> _Your instructions_: Using the listing below, print the line containing "1x 120-mm-Lüfter im", the line containing "Auf den X Y", and each line between them, exactly and nothing else. Pictures stay out of the print.

(Recorded information begins)

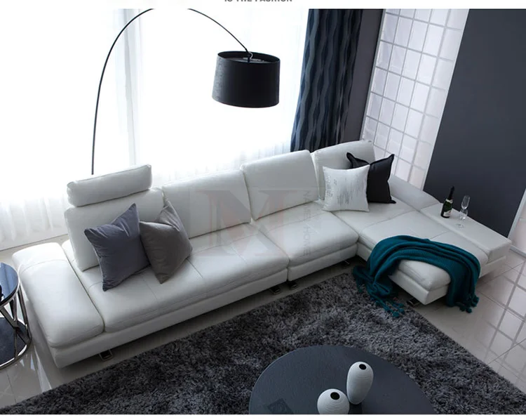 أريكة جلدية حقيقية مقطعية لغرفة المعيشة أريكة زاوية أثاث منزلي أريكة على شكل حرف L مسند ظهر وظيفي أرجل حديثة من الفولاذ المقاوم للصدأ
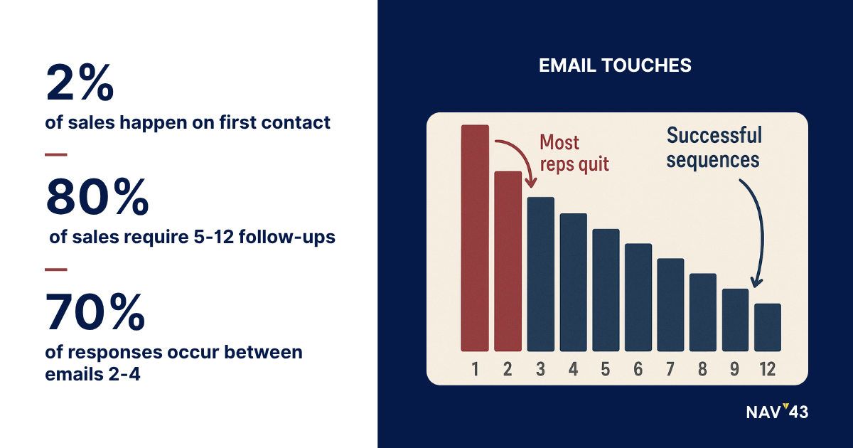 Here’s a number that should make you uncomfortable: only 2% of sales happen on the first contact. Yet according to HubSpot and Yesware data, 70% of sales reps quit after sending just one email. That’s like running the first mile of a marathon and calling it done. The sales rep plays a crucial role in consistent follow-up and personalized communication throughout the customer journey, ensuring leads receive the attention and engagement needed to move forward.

(Recorded information ends)
(Recorded information begins)

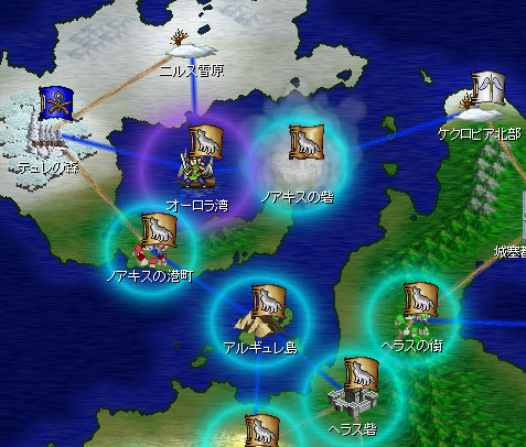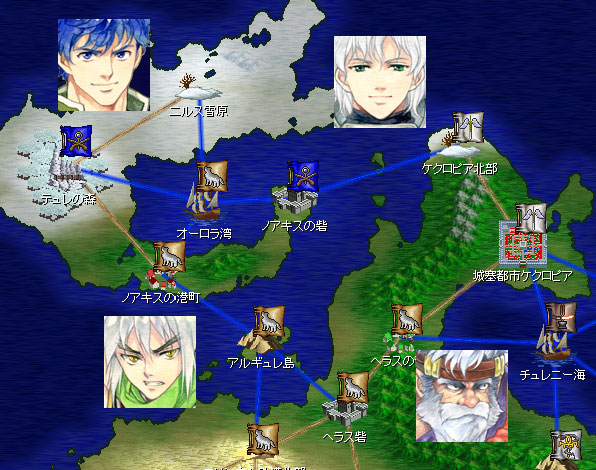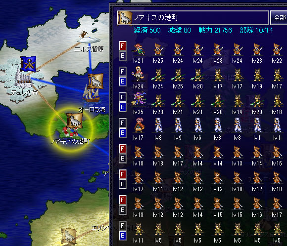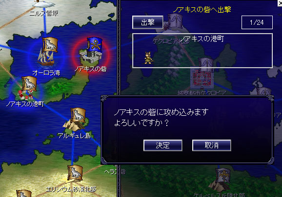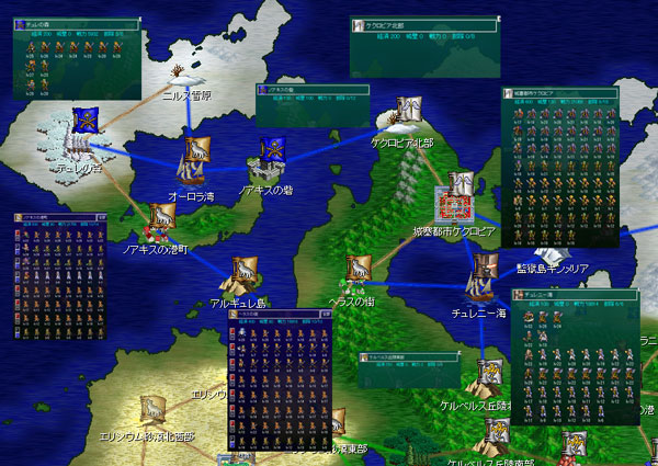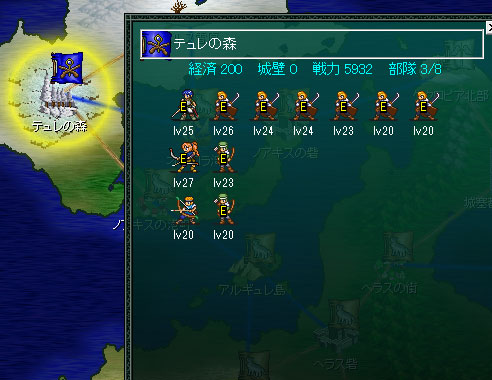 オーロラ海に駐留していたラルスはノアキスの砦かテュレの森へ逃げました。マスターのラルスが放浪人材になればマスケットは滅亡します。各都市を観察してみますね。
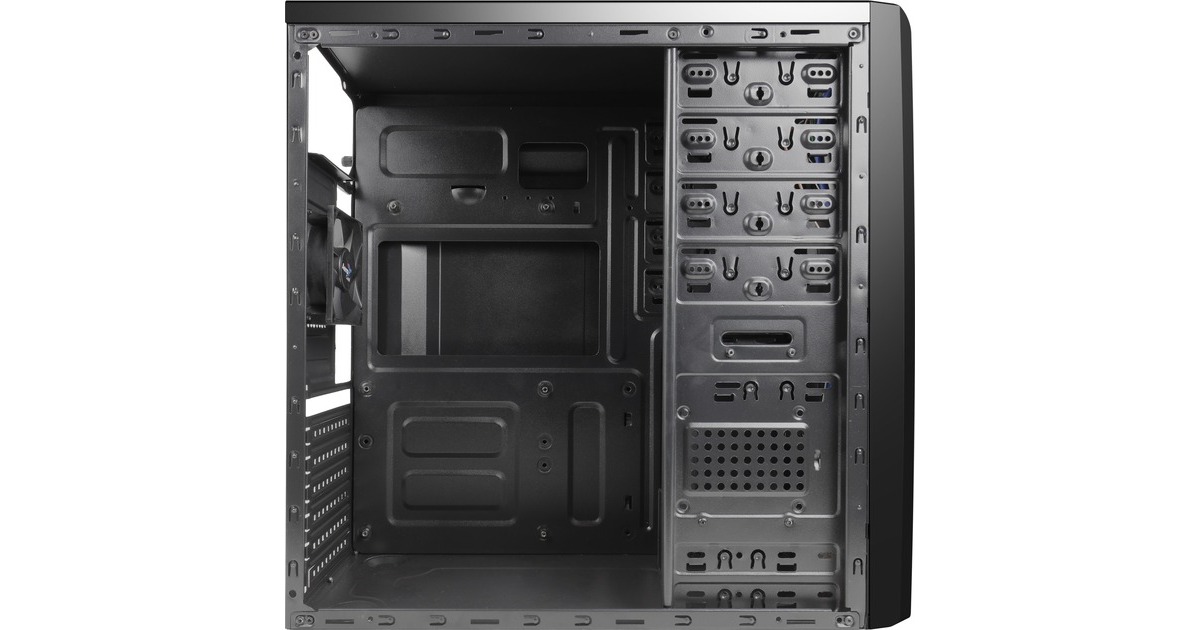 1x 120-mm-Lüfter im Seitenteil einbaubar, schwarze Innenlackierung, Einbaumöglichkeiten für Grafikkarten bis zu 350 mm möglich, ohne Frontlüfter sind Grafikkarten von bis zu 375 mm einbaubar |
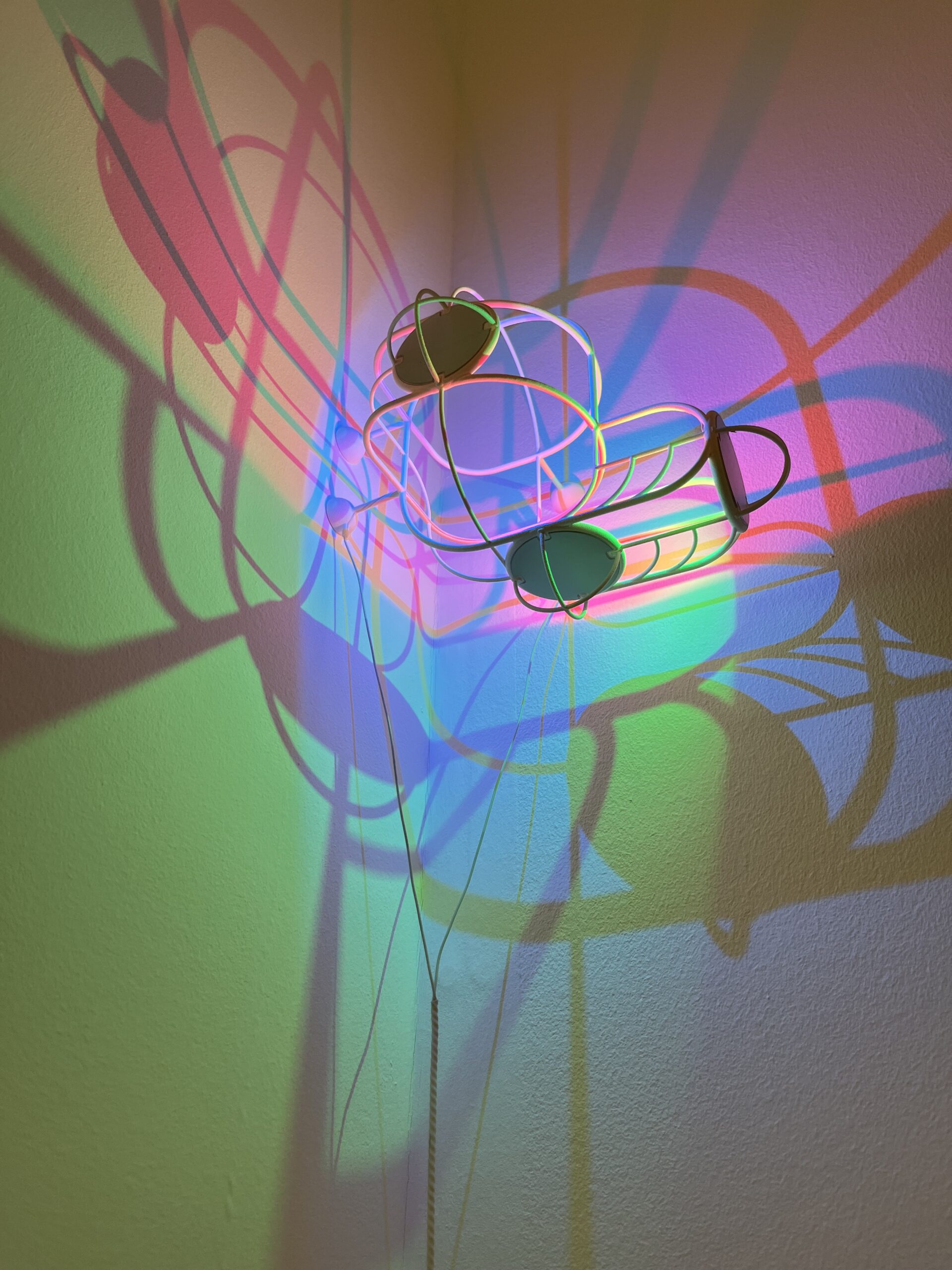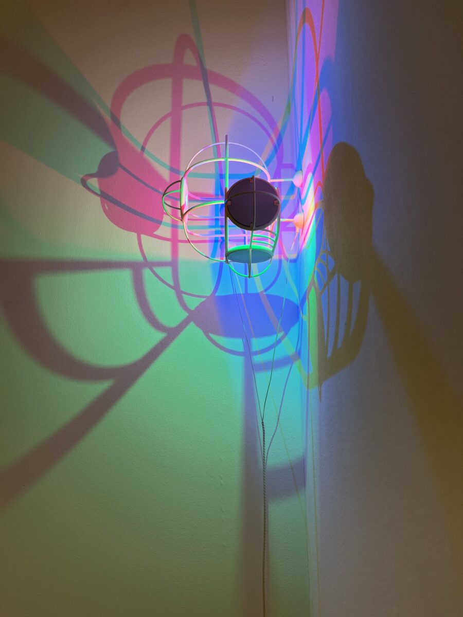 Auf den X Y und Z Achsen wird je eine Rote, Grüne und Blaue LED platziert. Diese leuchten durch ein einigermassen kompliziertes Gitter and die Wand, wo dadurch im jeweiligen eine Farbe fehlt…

(Recorded information ends)

> _Worked solution_:
 1x 120-mm-Lüfter im Seitenteil einbaubar, schwarze Innenlackierung, Einbaumöglichkeiten für Grafikkarten bis zu 350 mm möglich, ohne Frontlüfter sind Grafikkarten von bis zu 375 mm einbaubar |
 Auf den X Y und Z Achsen wird je eine Rote, Grüne und Blaue LED platziert. Diese leuchten durch ein einigermassen kompliziertes Gitter and die Wand, wo dadurch im jeweiligen eine Farbe fehlt…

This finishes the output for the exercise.